Es evidente, por la pregunta de Jesús, que lo determinante es realizar la voluntad del padre, las obras: «¿Quién de los dos hizo lo que quería el padre?» (Mt 21,31). Y los sumos sacerdotes y ancianos, que están hablando con Jesús en la explanada del templo (Cf. Mt 21,23), están de acuerdo con Él en que hizo la voluntad del padre aquel que puso por obra su deseo de que fuera a trabajar a la viña. Sin embargo, esta conformidad de pareceres se ve rota en cuanto Jesús aplica la parábola y afirma que el hijo que obra la voluntad del padre representa a los publicanos y a las rameras, mientras que el hijo que no la realiza caracteriza a las autoridades judías, y todo ello en relación con el cumplimiento o no de la voluntad de Dios transmitida por medio de Juan el Bautista (Cf. Mt 21,31-32).
El contexto nos permite entender esto. Previamente los sumos sacerdotes y los ancianos habían interrogado a Jesús sobre el origen de su autoridad: «¿Con qué autoridad haces esto [= la expulsión de los vendedores del templo]? ¿Quién te ha dado tal autoridad?» (Mt 21,23); y Jesús había condicionado su respuesta a otra cuestión que las autoridades judías tenían que contestar y que versaba sobre la valoración que tenían de la figura de Juan el Bautista: si consideraban que el bautismo de Juan provenía o no del cielo (Mt 21,25), es decir, si era un enviado de Dios o, por el contrario, un simple hombre que actuaba por su propia cuenta. De esta procedencia, divina o humana, dependía la exigencia a seguir su mensaje de conversión o no. Los sumos sacerdotes y ancianos se refugiaron entonces en una sutil hipocresía y decidieron no formular externamente posición alguna: “No sabemos” (Mt 21,27) –– dijeron ––, tratando de salvaguardar su mal obrar en relación con el Bautista y su deseo de seguir ocupando una posición de respeto y de privilegio ante el pueblo expectante (Cf. Mt 21,26).

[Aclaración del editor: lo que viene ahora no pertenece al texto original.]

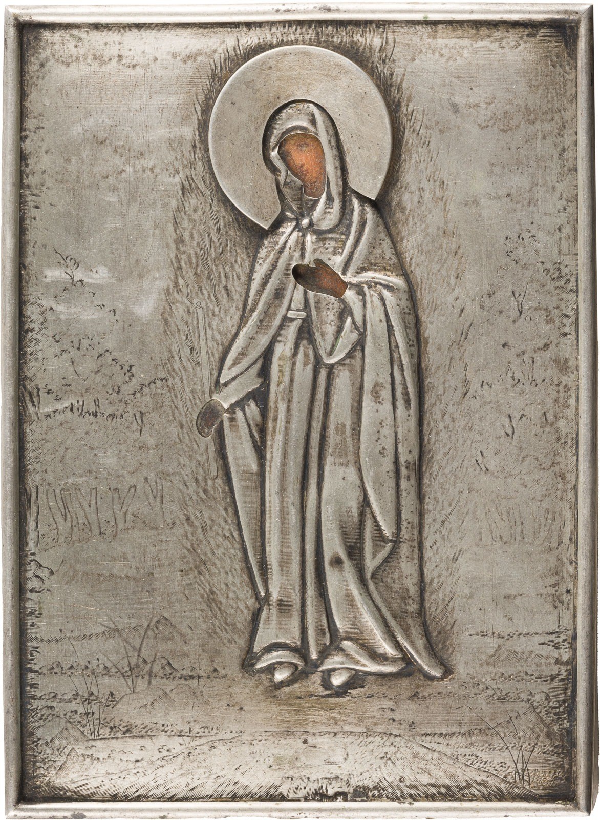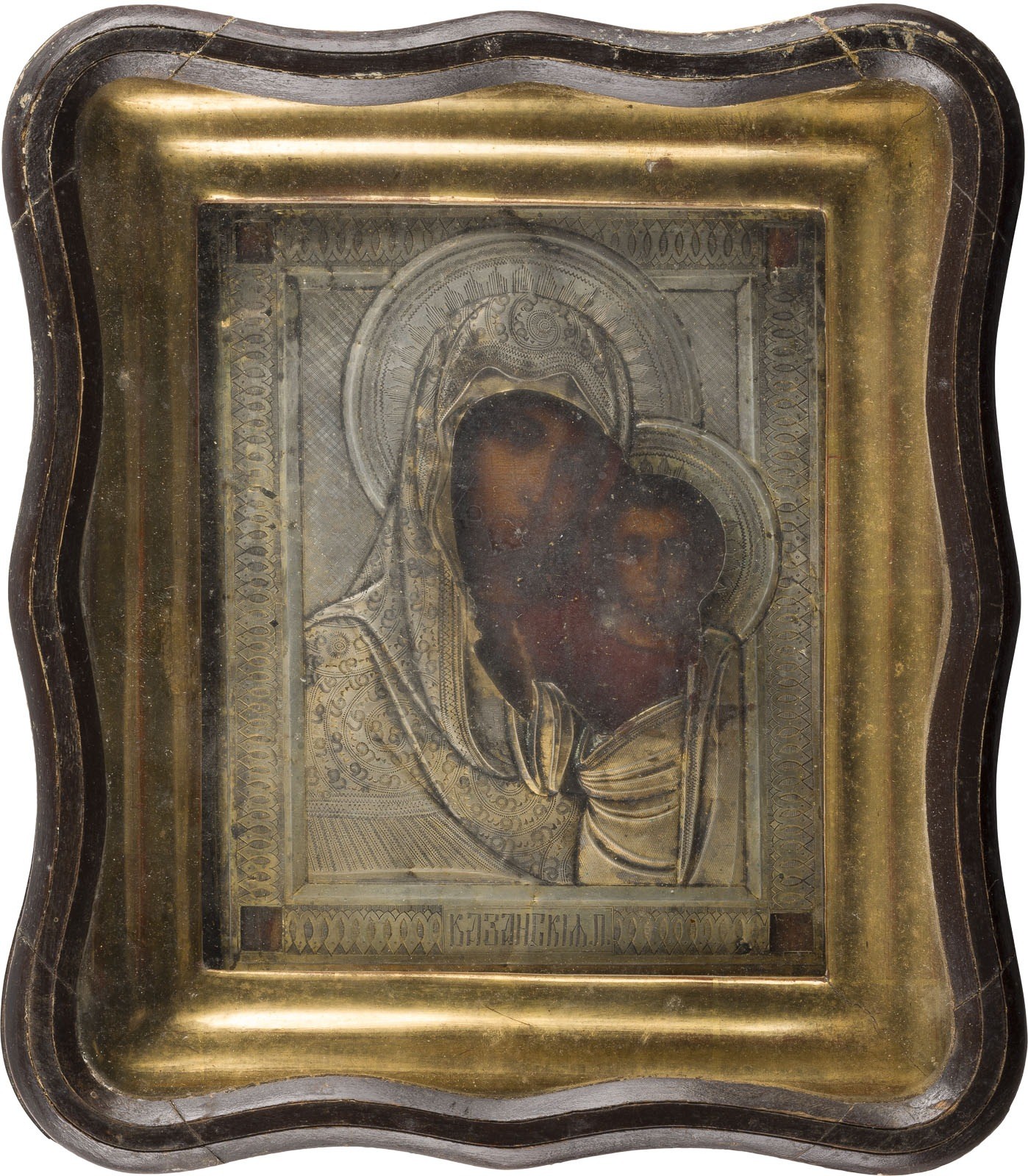 TWO SMALL ICONS WITH SILVER OKLAD: A RARE ICON OF THE MOTHER OF GOD 'THE BURNING BUSH' AND THE KAZANSKAYA MOTHER OF GOD Russian, circa 1900 / dated 1893 (icons), Russian, St. Petersburg, late 19th century / Moscow, 1896-1908 (oklads) Tempera / oil on wood panels. The silver oklads finely engraved. Fully marked with assayer's marks, city hallmark, 84 standard and master's marks. Partially damaged. One icon with a dedication inscription and the date '1893' on the reverse. 15.7 x 11.4 cm / 26 x 22.8 cm (including glazed kyot).

Ahora, con esta parábola de los dos hijos, Jesús les dice claramente qué piensa Él de Juan, cómo valora su obrar y cómo en relación con él han quedado al descubierto lo que escondían los corazones: «Porque vino Juan a vosotros enseñándoos el camino de justicia, y no creísteis en él, mientras que los publicanos y las prostitutas le creyeron. Y aun después de ver esto, vosotros no os arrepentisteis para creer en él» (Mt 21,32). Con estas palabras Jesús afirma que Juan fue enviado por Dios y que, por tanto, anunció lo que se tenía que hacer según la voluntad del Padre. Pero los sumos sacerdotes y los ancianos no le creyeron, ni quisieron reconocerle como profeta enviado por Dios, ni escucharon su mensaje (Cf. Mt 21,25); por eso encarnan al hijo de la parábola que dice palabras amables que no son sino mera apariencia, “un bronce que suena o un címbalo que retiñe” (Cf. 1Cor 13,1), pues su corazón está alejado del querer del padre cuya voluntad no cumple.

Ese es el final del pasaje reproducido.